Diagram 1: Overview of SQL pipelines
Query 1 aggregates revenue from transactions,
Query 2 enriches transactions by joining it on customers,
Query 3 aggregates transactions from enriched_transactions by state

Set Up Data Formats: Descriptors and Schema Registries

In our use case we have two streams, the Transactions stream in Protobuf format, and the Customers stream in Avro format. We’ll first cover how to set these streams up as sources for DeltaStream.

Transactions Stream

Below in Code 1a, you’ll see an example of a record from the transactions stream. A new record is created every time a customer buys some item.

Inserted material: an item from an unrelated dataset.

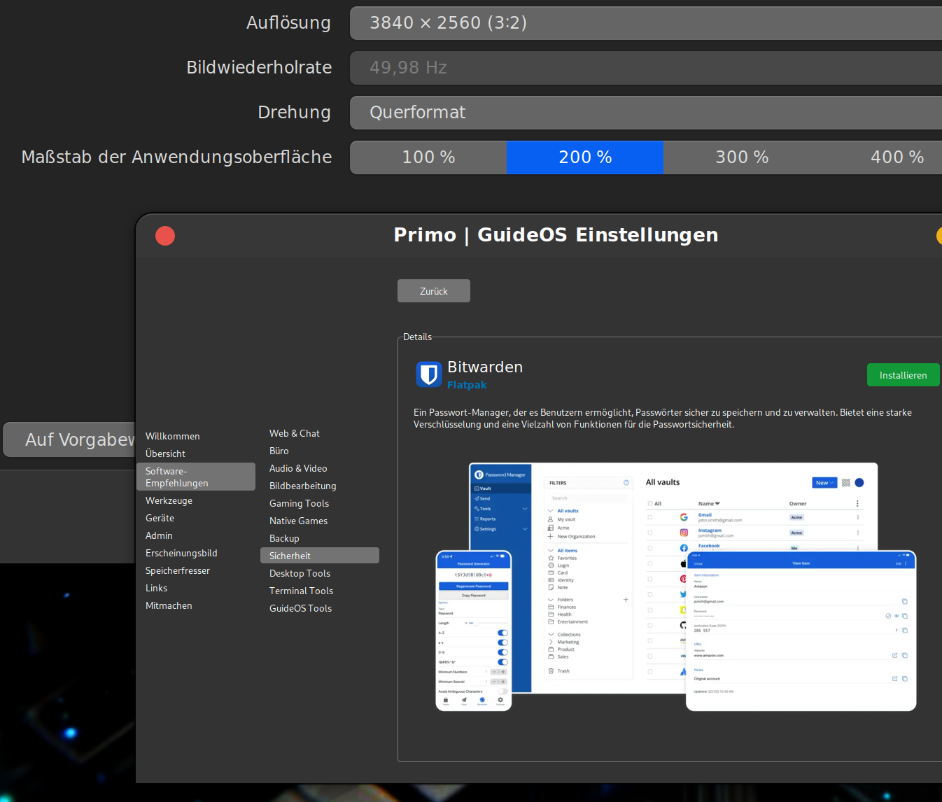 Ich fahre eine Auflösung von 3840 x 2560 (3:2) und einen 200% Maßstab der Anwendungsoberfläche.

The record itself contains a “tx_time” timestamp of when the transaction occurred, a “tx_id” which is unique per transaction, fields describing which item was purchased and for how much, and also “customer_id” which is used to identify which customer the transaction belongs to. Code 1b shows the Protobuf message used to create the Protobuf descriptor that serializes and deserializes these transactions.

{
  "tx_time": 1667260111428,
  "tx_id": "fe92644b-973a-4b65-ae4c-4b4eed23b5a0",
  "item_id": "Item_7",
  "price": 11,
  "quantity": 1,
  "customer_id": "Customer_9"
}

Code 1a: An example transactions record

message Transactions {
 int64 tx_time        = 1;
 string tx_id         = 2;
 string item_id       = 3;
 int32 price          = 4;
 int32 quantity       = 5;
 string customer_id   = 6;
}

Code 1b: Protobuf message for transactions

For the Transactions stream, you can upload the Protobuf descriptor as a DeltaStream descriptor. A DeltaStream descriptor is an object that resources necessary for the streaming SQL query to serialize and deserialize data, such as a Protobuf descriptor, are uploaded to. After creating the DeltaStream descriptor, you can attach it to the relevant DeltaStream topic.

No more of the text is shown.